Jan 20, 2015 8:07 PM by Charlene Cheng
This spring, California students will be taking assessment tests for the first time, following the adoption of a new set of standards that value analysis over memorization.
"It's trying to dissect how things work, instead of knowing the answer. They're trying to get them to figure out what it looks like before it becomes the answer," said Beverly Banghart, a retired Shasta County teacher.
You would think that encouraging critical thinking would be a good thing, but some parents feel that their kids are being tasked with overly convoluted assignments.
For example, instead of asking students a basic math equation, they're asked to understand the principles at work.
"It's just a different way of teaching math, which is unconventional, and it's really not necessary," said Richard Gallardo, who has a son in the public school system.
A Facebook group called "Shasta County Against Common Core" has popped up.

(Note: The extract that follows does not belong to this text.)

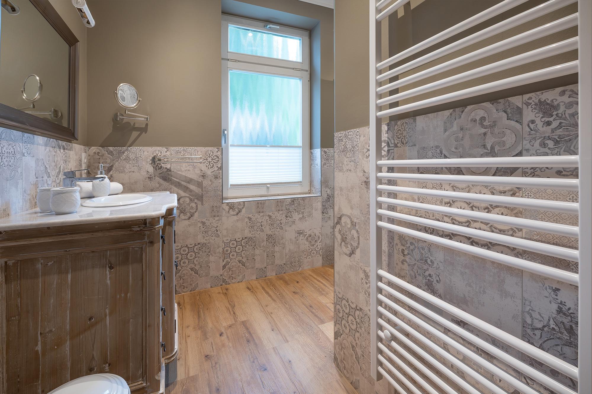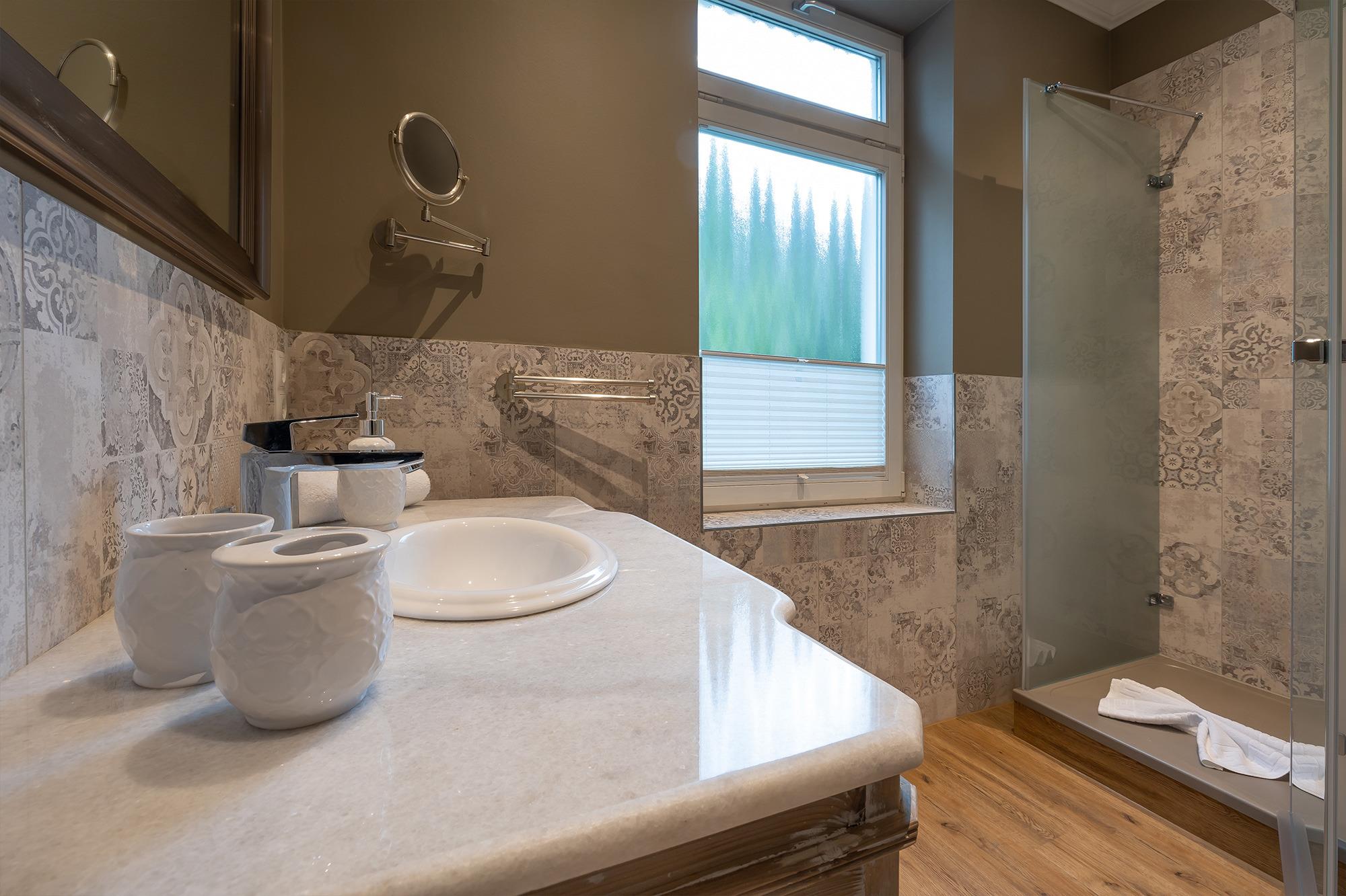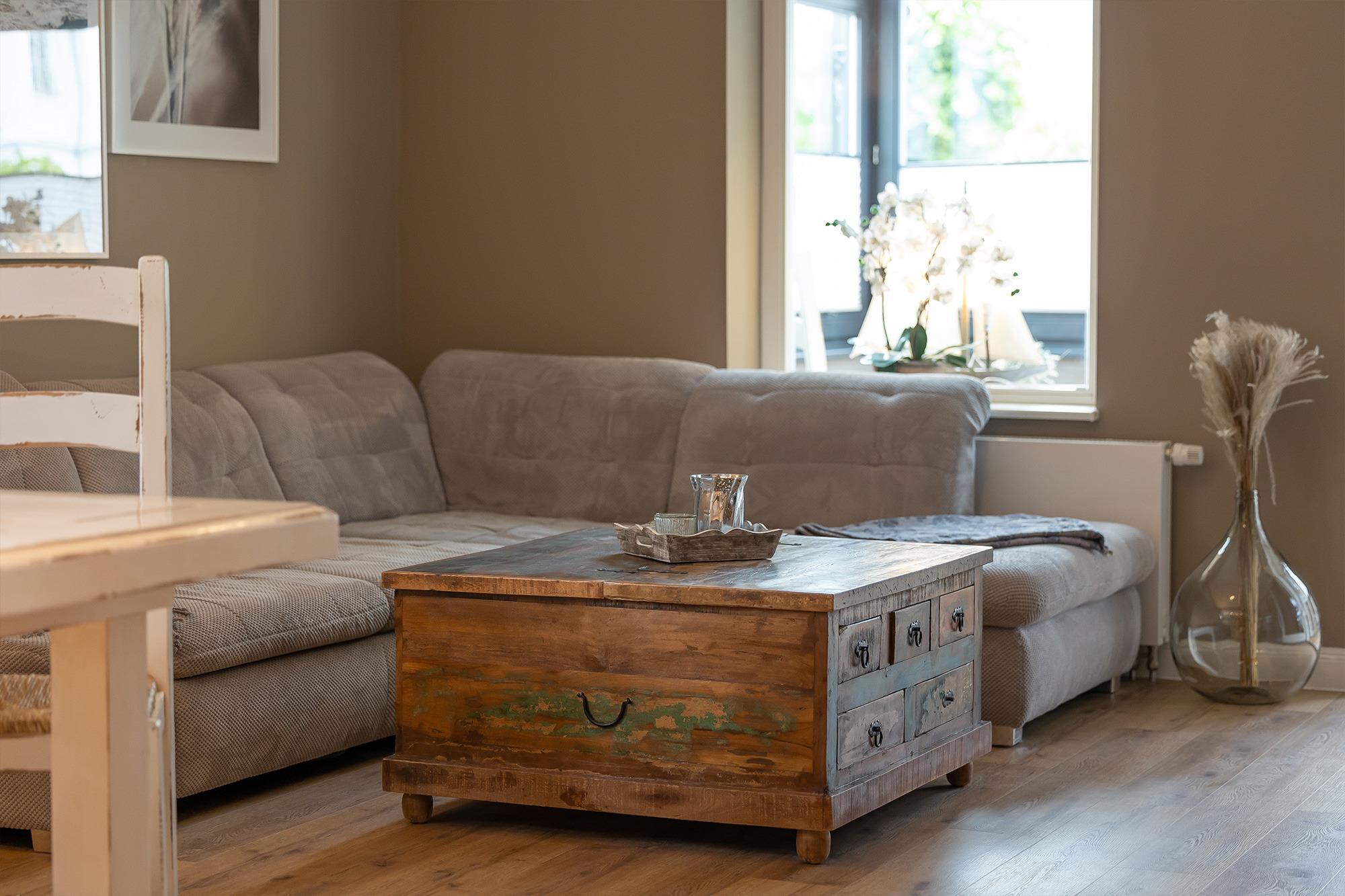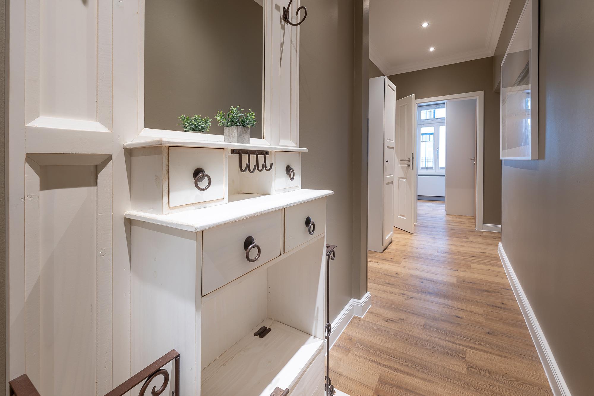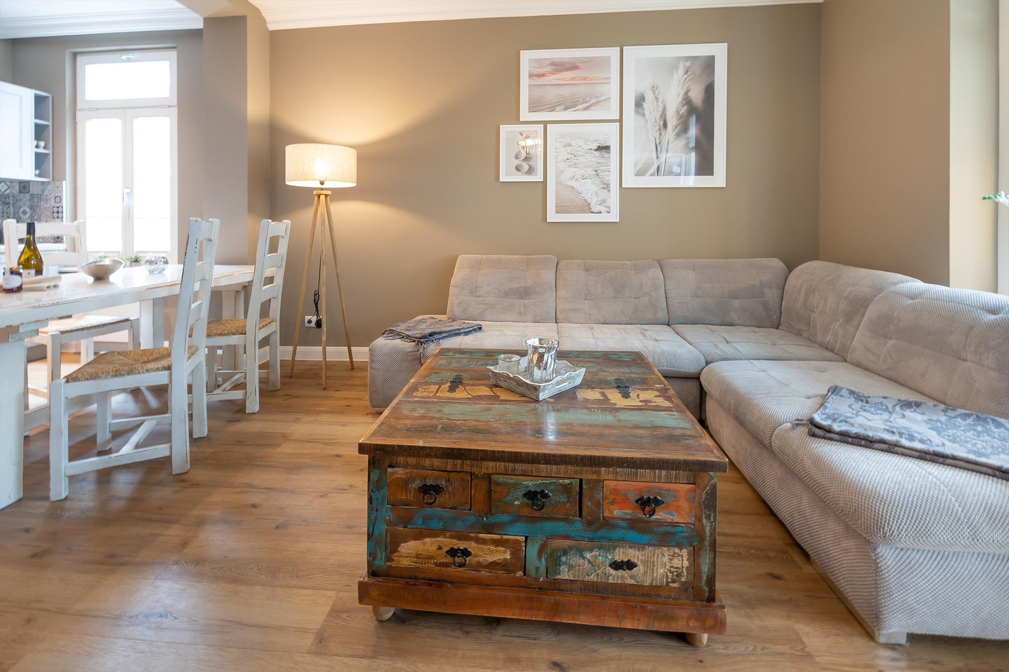 Als Rückzugsort erwartet Sie zwei Schlafzimmer mit Boxspringbetten in 180x200 cm und einem großen Kleiderschrank. Die Ferienwohnung verfügt über ein Bad mit Dusche, sowie einem separaten WC mit Handwaschbecken.

Members are concerned that the standards were developed at a federal level, and they're urging California to repeal the effort.
"As a group, we're trying to inform the local government that we want the federal government out of our educational system," Banghart said.
But according to the Shasta County Office of Education, this is just one of the many misconceptions that have come up.
Decisions on how to implement Common Core are made at the state and local levels.
"It was this idea of agreeing on benchmark of standards we need for each grade level, so therefore there could be a cross-platform of sharing practices for the states, as well as so we can be competitive in the world," said Chris Dell, Director of K-12 Mathematics & Technology for the Office of Education.